The recent Japanese devastation has shone a spotlight on the country’s apparently unique social structure.
Unlike many other circumstances of natural disaster elsewhere, no looting or rioting has followed to compound the misfortune — and this has greatly impressed many a non-Japanese observer.
From the patient orderly lines to the return of valuables, “yamoto-damashii,” or the Japanese spirit, has elicited admiration and further sympathy from the world.

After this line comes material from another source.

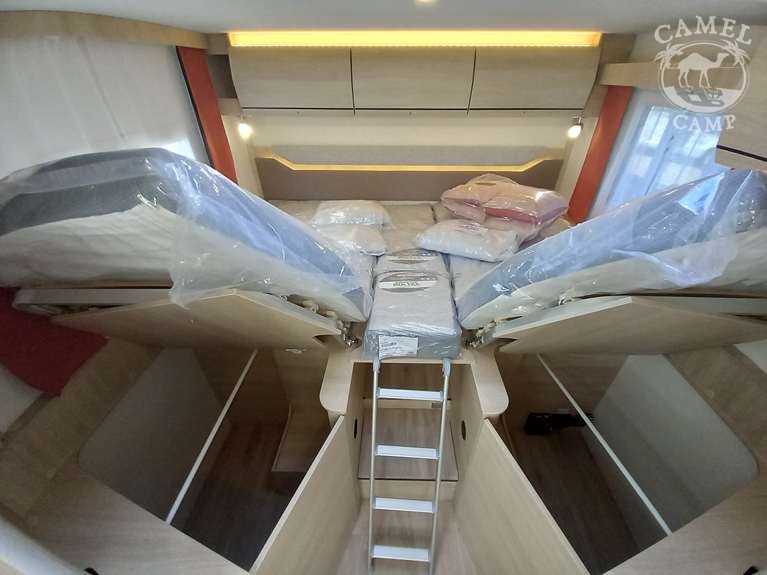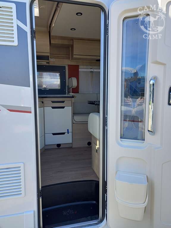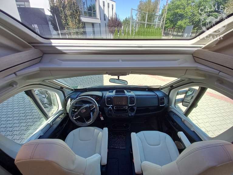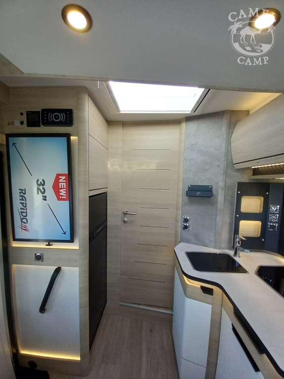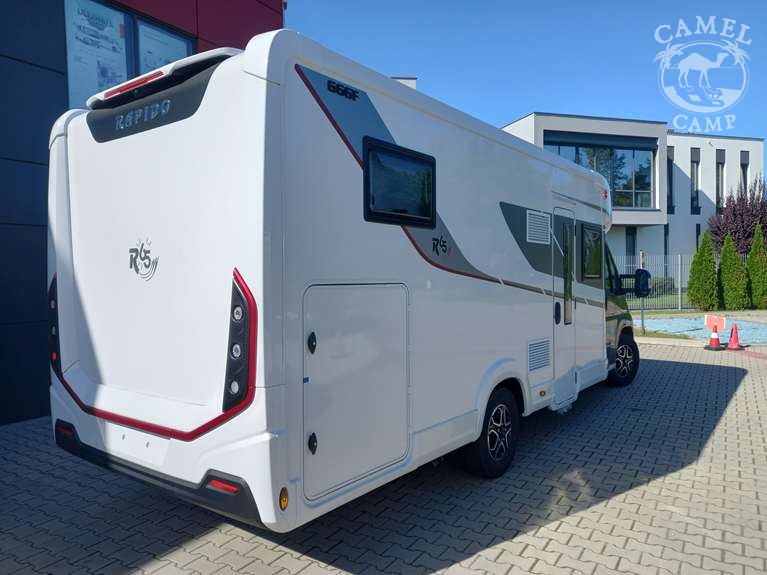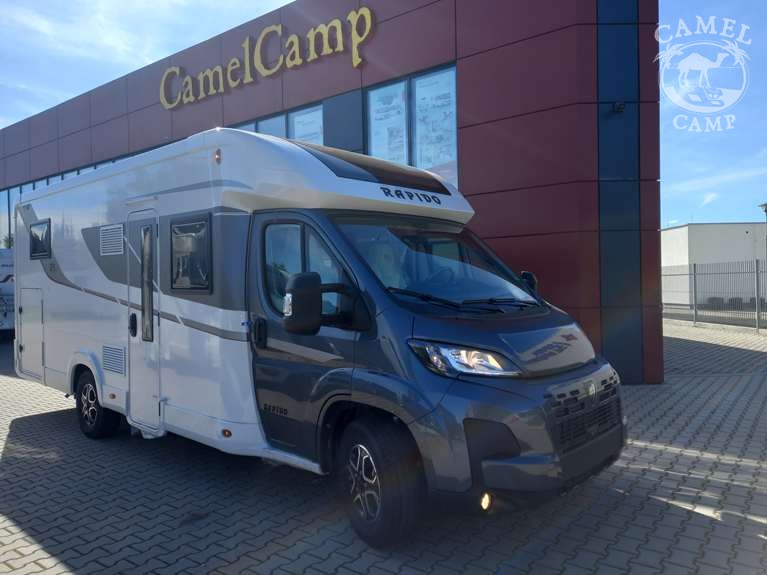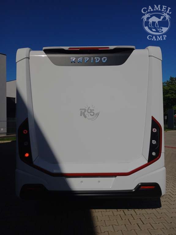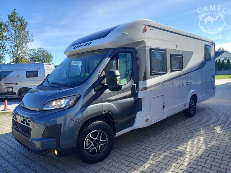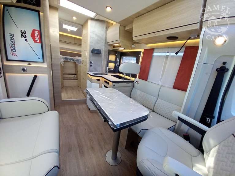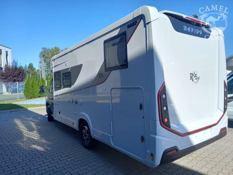 RAPIDO PACK – poduszka kierowcy, ABS, centralny zamek kabiny z dwupunktową blokadą i drzwi kempingowych, pokrowce foteli kabiny, klimatyzacja manualna, lusterka boczne z podwójnym widokiem, elektryczne okna kabiny, system „Coming Home”, pojemniki na kubki, Truma 4 CP Plus, ogrzewany i oświetlony (listwa sufitowa) garaż, porty USB lampkach, lodówka absorpcyjna z zamrażalnikiem 156L, zbiornik wody czystej 120l, zbiornik wody szarej 90l, 2 palnikowa kuchenka gazowa z iskrownikiem, wyciąg kuchenny, samozamykające się szuflady kuchni z centralnym zamknięciem, podświetlana ściana kuchni, regał na przyprawy i uchwyt na papier, dodatkowy blat, aluminiowe rama i listwy łóżek, miejsce na TV 32”, otwierane okna dachowe, podwójne szyby kempingowe z moskitierą i zaciemnieniem, drzwi izolujące sypialnie, zamki magnetyczne drzwi, chromowane i drewniane wykończenia łazienki, SKYVIEW z elektrycznym rozmrażaniem, zintegrowany kosz na śmieci w drzwiach kempingowych, izolowany stopień wejściowy, 100% oświetlenie LED w części kempingowej i garażu, 2 x dotykowy reflektor do czytania w kabinie kierowcy, magnetyczne mocowania oparć kanap, poszerzenie blatu kuchennego, wieszak do suszenia ubrań, materac piankowy BULTEX® w tylnym łóżku

As can be imagined, articles have made an appearance attempting to reveal the phenomenon of people who continue to be law-abiding citizens despite being deprived of not just creature comforts but everything they own and even of loved ones.
Police stations all along the coast are stuffed to capacity together with the personal household safes of persons which have washed back to land or been recovered from the rubble by rescue workers.
Then there is the seemingly suicidal heroism and self-sacrifice of many nuclear power plant employees.
Even animals have displayed yamoto-damashii: a dog made worldwide headlines for standing by another dog stuck under rubble, neglecting to leave!

Much has been written both for and against the “Japanese-spirit interpretation” of events.
On one side, people note that the country is a wealthy one, a technologically advanced one, and one that is perhaps uniquely homogenous one of many leading industrialized societies of which it is a member.
Of course household safes and other belongings have been returned or at least remaining unmolested!
It figures, argue such people, because there is no motivation to loot and riot when the country all together offers so many resources to provide succor.

Others remember that the spirit of Japan is such that rules are witnessed simply because they are rules – Japanese rules – and one is Japanese.
Safes are not broken into because that isn’t what a Japanese person does, plain and simple.
This side of the discussion notes that no matter how rich the society, individual victims continue to suffer – yet they generally do so patiently, in a manner uniquely Japanese.